Fold-smp, by default, will use all available compute cores for processing. The number of cores used can be controlled by setting the OMP_NUM_THREADS environment variable.

References:

  1. Reuter, J.S. and Mathews, D.H.
    "RNAstructure: software for RNA secondary structure prediction and analysis."
    BMC Bioinformatics, 11:129. (2010).
  2. Deigan, K.E., Li, T.W., Mathews, D.H. and Weeks, K.M.
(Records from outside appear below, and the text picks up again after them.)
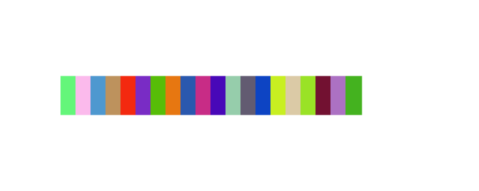 1 from turtle import * 2 from random import random 3 4 def moveto(x,y): 5 penup() 6 goto(x,y) 7 pendown() 8 9 def gen_color(): 10 return tuple(random() for i in range(3)) 11 12 def square(): 13 color(gen_color()) 14 begin_fill() 15 for i in range(2): 16 fd(10) 17 left(90) 18 fd(25) 19 left(90) 20 end_fill() 21 22 setup(800,600) 23 24 moveto(-50,0) 25 for i in range(20): 26 square() 27 fd(10) 28 29 hideturtle() 30 done()
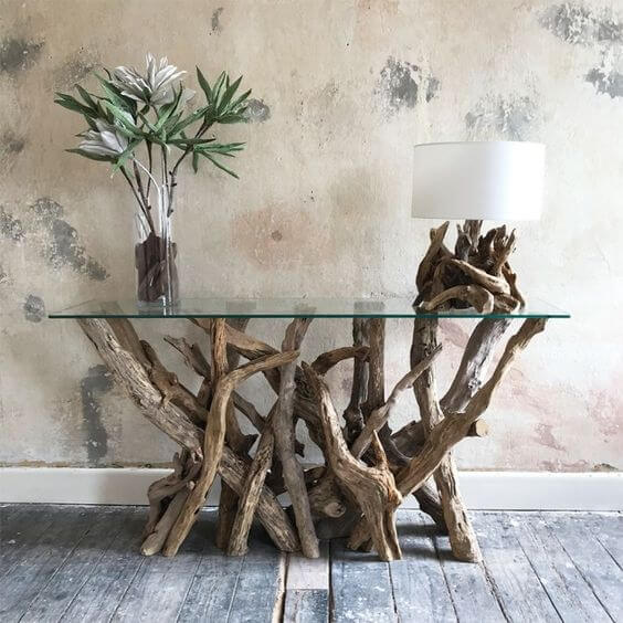 The driftwood console table often features a glass or wooden tabletop, providing a smooth surface for practical use or decorative displays. It adds a touch of coastal or rustic charm to your interior decor, making it an eye-catching and artistic addition to your home.
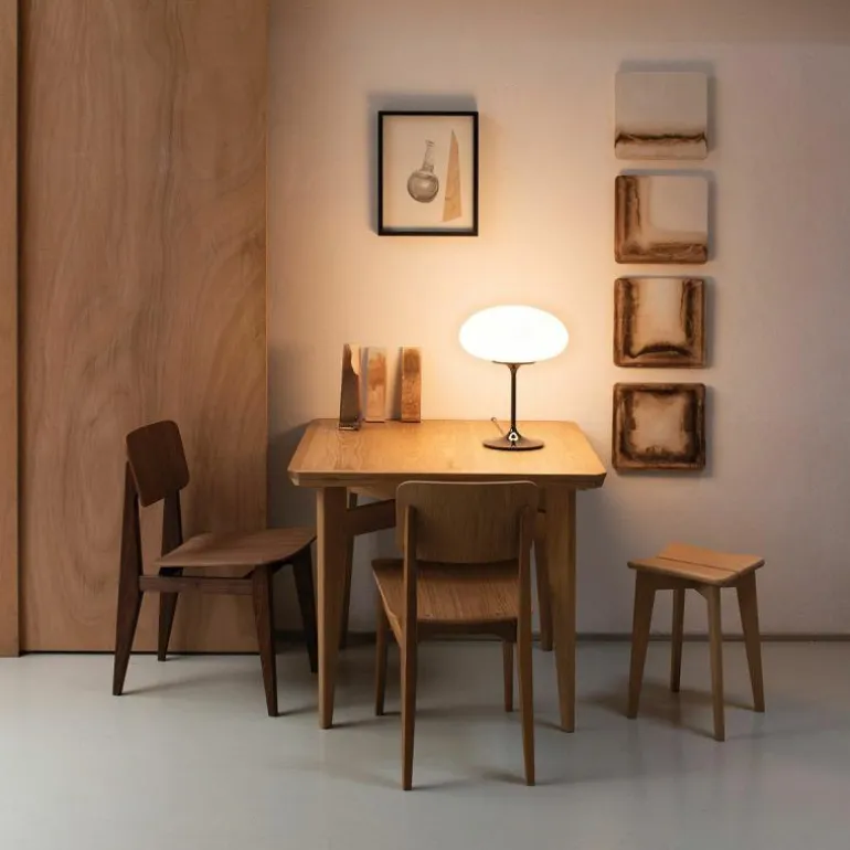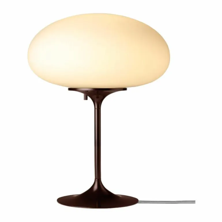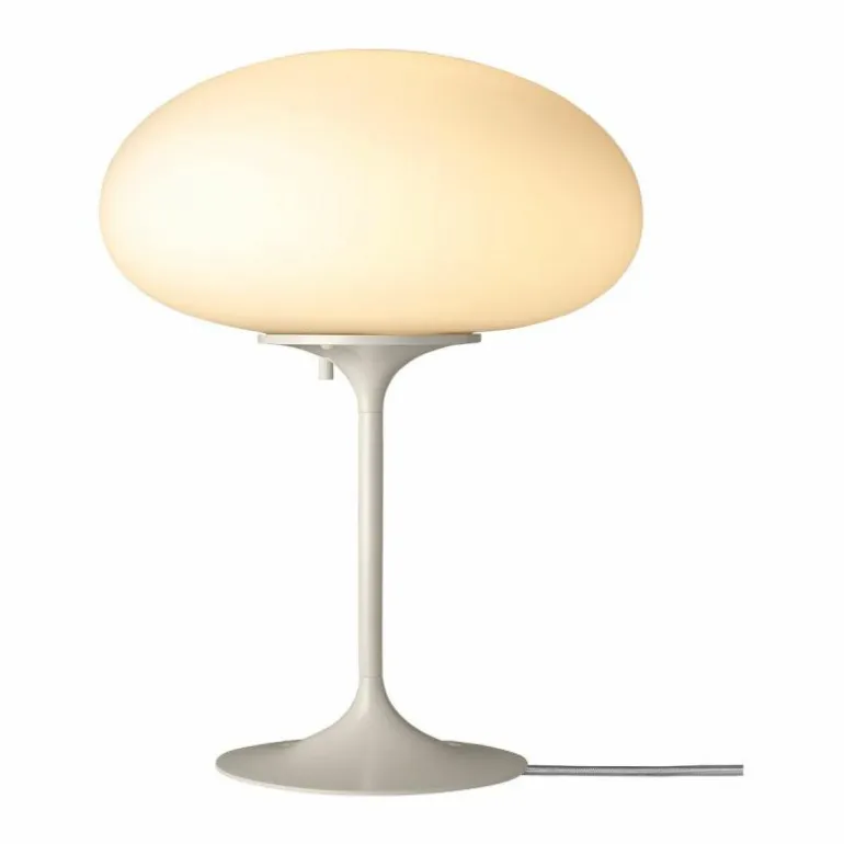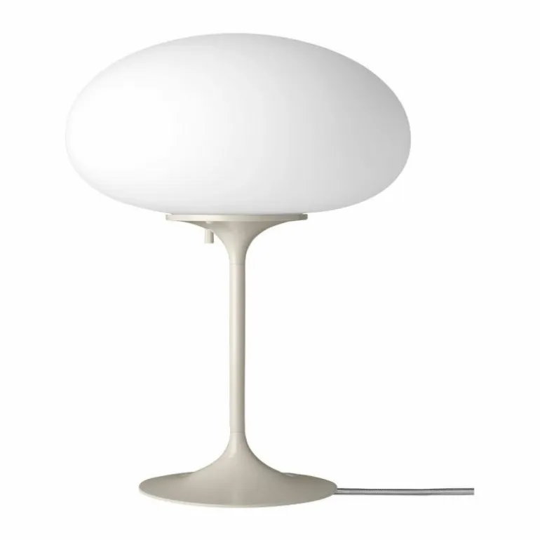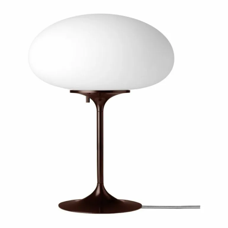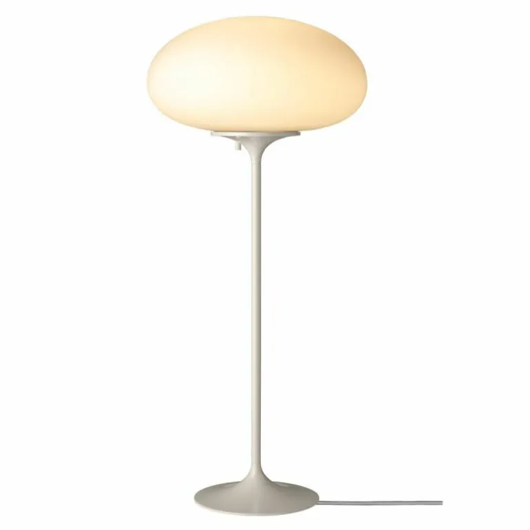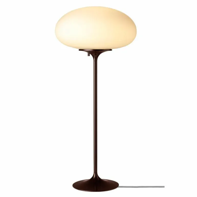 De tafellamp is verkrijgbaar in de kleuren Pebble Grey, Black Red en Black Chrome en u heeft de keuze uit twee hoogtematen. U kunt kiezen voor een hoogte van 42 centimeter of een hoogte van 70 centimeter. Beide lampen hebben een glazen kap met een diameter van 31 centimeter en een voet met een diameter van 18 centimeter. Elke uitvoering heeft een koord omhuld met witte stoffering. De lamp heeft een E27 fitting en Gubi raadt aan om gebruik te maken van een lichtbron met frosted glas om het design zo goed mogelijk tot zijn recht te laten komen.r

    "Accurate SHAPE-directed RNA structure determination."
    Proc. Natl. Acad. Sci. U.S.A., 106:97-102. (2009).
  3. Mathews, D.H., Disney, M.D., Childs, J.L., Schroeder, S.J., Zuker, M. and Turner, D.H.
    "Incorporating chemical modification constraints into a dynamic programming algorithm for prediction of RNA secondary structure."
    Proc. Natl. Acad. Sci. USA, 101:7287-7292. (2004).
  4. Mathews, D.H., Sabina, J., Zuker, M. and Turner, D.H.
    "Expanded sequence dependence of thermodynamic parameters provides improved prediction of RNA secondary structure."
    J. Mol. Biol., 288:911-940. (1999).
  5. Cordero, P., Kladwang, W., VanLang, C.C., and Das, R.
    "Quantitative dimethyl sulfate mapping for automated RNA secondary structure inference."
    Biochemistry, 51: 7037-7039. (2012).